At the National Business Awards, he poked fun at Boris for labelling Brexit as a ‘Titanic success’ and said of Trump ‘The problem with political jokes is that they are starting to get elected.’

Lord Hague’s speeches are organised through the JLA agency, which rates him as a ‘AA’ speaker.

That is the highest cost band, with a price per speech of more than £25,000.

The former Foreign Secretary has even racked up enough air miles to take him more than twice around the world.

Speeches have proved an extremely popular way for MPs to cash in when they step away from the limelight, with George Osborne the latest to jump on the bandwagon following his dismissal as Chancellor.

Since his sacking last July, he has already amassed more than £600,000 from public appearances.

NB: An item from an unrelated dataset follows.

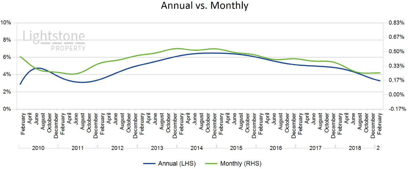 March 2019The market has been ranging in the 2% - 5% zone for some time now following a slow down in recent months as shown by the provincial indices but this is slowly changing as more provinces start to break above this range, namely Mpumalanga, Limpopo and the Northern Cape province.

But this was met by criticism, given that he is still the serving MP for Tatton. Former chairman of the Committee on Standards in Public Life, said: ‘The public expect MPs to allocate their time representing their constituents’ interests, not building up a massive income.’

And former Prime Minister David Cameron, who is no longer in the Commons at all, was paid an eye-watering £120,000 to speak for just one hour talk to Blackstone Properties in New York.

Meanwhile, Tony Blair has gone on to make an estimated fortune of £27 million since leaving frontline politics.

A spokesman for Lord Hague declined to comment on the figures yesterday.